The headliner statistic was that documents obtained by the New York Times show that Google owns about 14% of Anthropic.
Now, of course, we knew that Google had been in a lot of,
an investor in Anthropics, so that's nothing new. Instead, this just gives a little bit more of a
background picture around one of these very interesting deals that is, quite frankly, novel to the
AI space. OpenAI's deal with Microsoft set the template for this, and the catalyst for it is the fact
that AI needs so much money that the traditional venture capital establishment, which kind of
taps out at a billion or two billion dollars usually, just couldn't keep up with the demand for
tens of billions of dollars of capital. That effectively left the frontier labs, having
their only choice being to team up with one of the big tech giants. Part of the reason that the news media
is so interested in this is that it's caught up in the Google antitrust case. You might remember that
back in August, a federal court found that Google had acted as a monopolist in Internet search,
and the Justice Department has made a set of proposals around how to remedy the situation,
including forcing Google to sell any AI products that could possibly compete with search. That puts their
relationship with Anthropic, whose clawed chatbot is used as a form of search by some, squarely in the
crosshairs. Now, Anthropic has argued that Google should not be forced to divest. They said that a forced
divestment would, quote, harm both Anthropic and competition more generally. They said that it would
depress Anthropics value and hinder its ability to raise capital. Ultimately, this is just another
interesting artifact in what is a fast-changing financial landscape alongside the AI startup scene.

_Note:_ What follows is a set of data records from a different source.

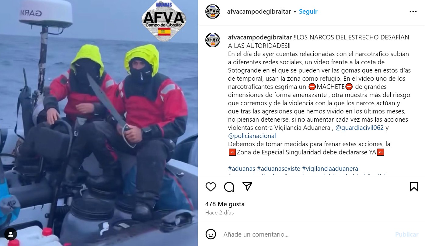 El último símbolo de ese envalentonamiento se ha podido ver durante el último fin de semana a través de las redes sociales, donde varias cuentas asociadas a los clanes del narcotráfico han publicado imágenes de narcotraficantes a bordo de lanchas rápidas portando machetes de grandes dimensiones, con el objetivo de intimidad e, incluso, agredir si fuera necesario a los agentes de las fuerzas del orden.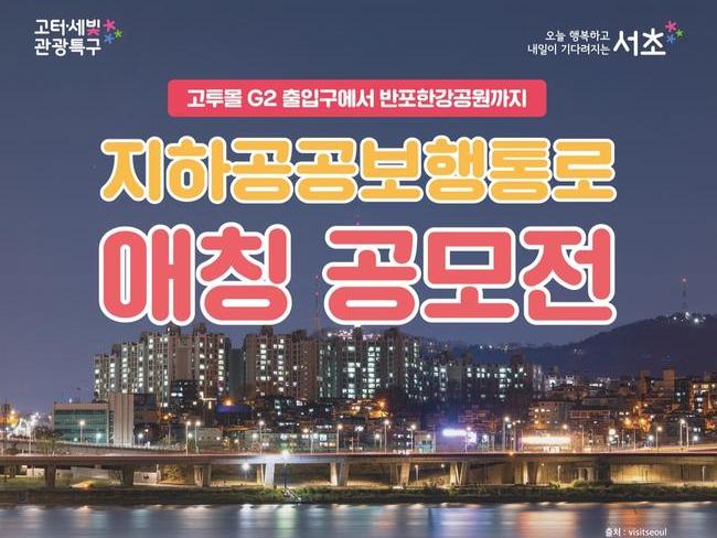 서울 서초구(구청장 전성수)는 10월 9일까지 고터·세빛 관광특구 내 위치해 고투몰과 반포한강공원을 잇는 지하 공공보행통로 애칭 공모전을 개최한다고 밝혔다.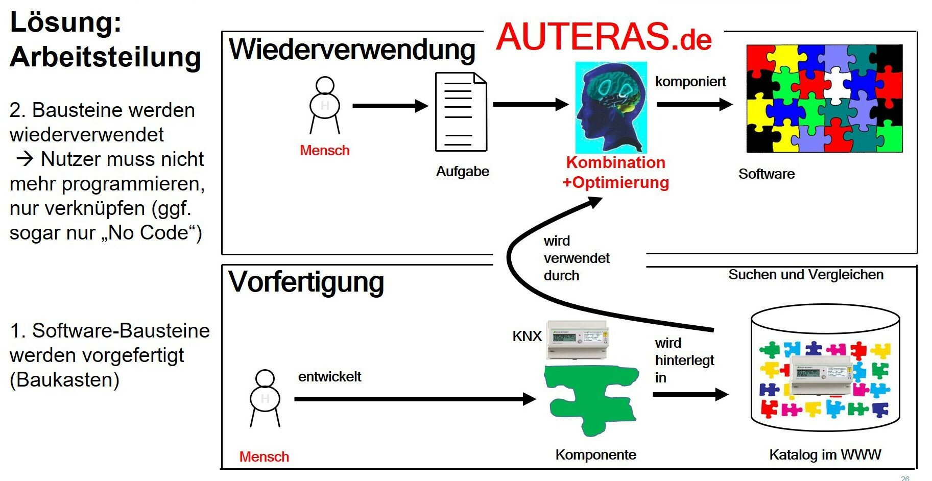 AUTERAS Entwurfsplattform Gebäudeautomation: Galerie > Bild 2 Puzzle Vorfertigung beim Hersteller und Wiederverwendung im Gebäude .jpg

Speaking of the fast-changing AI startup scene, a company that has gotten more attention than just
about any other over the last week or two is, of course, the AI agent startup Manus. Well, that company has now
announced that it's teaming up with Alibaba to be officially able to launch their product in China.
In a statement, they said that they were engaging in strategic cooperation with Alibaba's
Quen team to, quote, meet the needs of Chinese users.
Basically, the deal right now is that if you are releasing an artificial intelligence product
for the Chinese market, you have to work with a Chinese AI company.
This is why, for example, Apple hasn't released even their basic Apple intelligence features in the
country because they've been working to finalize that set of partnerships.
Given the excitement around Manus right now, T. P. Huang captured a lot of the sentiment when they wrote,
Alibaba Cloud will need a whole lot more compute.
Speaking of Alibaba, that company has also released a new AI model they're calling R1 Omni,
just firmly in the line of just great, memorable AI model names that they claim can read human emotions.
The team published demos that showed the functionality in interpreting video inputs.
In the video, a man in a brown jacket stands in front of a vibrant mural.
His facial expression is complex with wide eyes, slightly open mouth, raised eyebrows, and furrow
brows, revealing surprise and anger. Speech recognition technology suggests his voice contains words
like you, lower your voice and freaking out, indicating strong emotions and agitation.
Overall, he displays an emotional state of confusion, anger, and excitement.
While the specific use cases haven't been articulated for this, Bloomberg suggested it could
be a way for Alibaba to keep up with OpenAI's GPT 4.5. On launch, OpenAI had said that their new
model had, quote, a better understanding of what humans mean and interpret subtle cues or impact
expectations with greater nuance and EQ. Lastly, today, beliegered Intel has announced a new CEO,
renewing hopes, at least among some, that the struggling company could be revived.
Three months ago, Pat Gelsinger was fired as CEO after a four-year stint. He was installed at the
head of the company in 2021 with a mandate to rationalize the business and turn things around.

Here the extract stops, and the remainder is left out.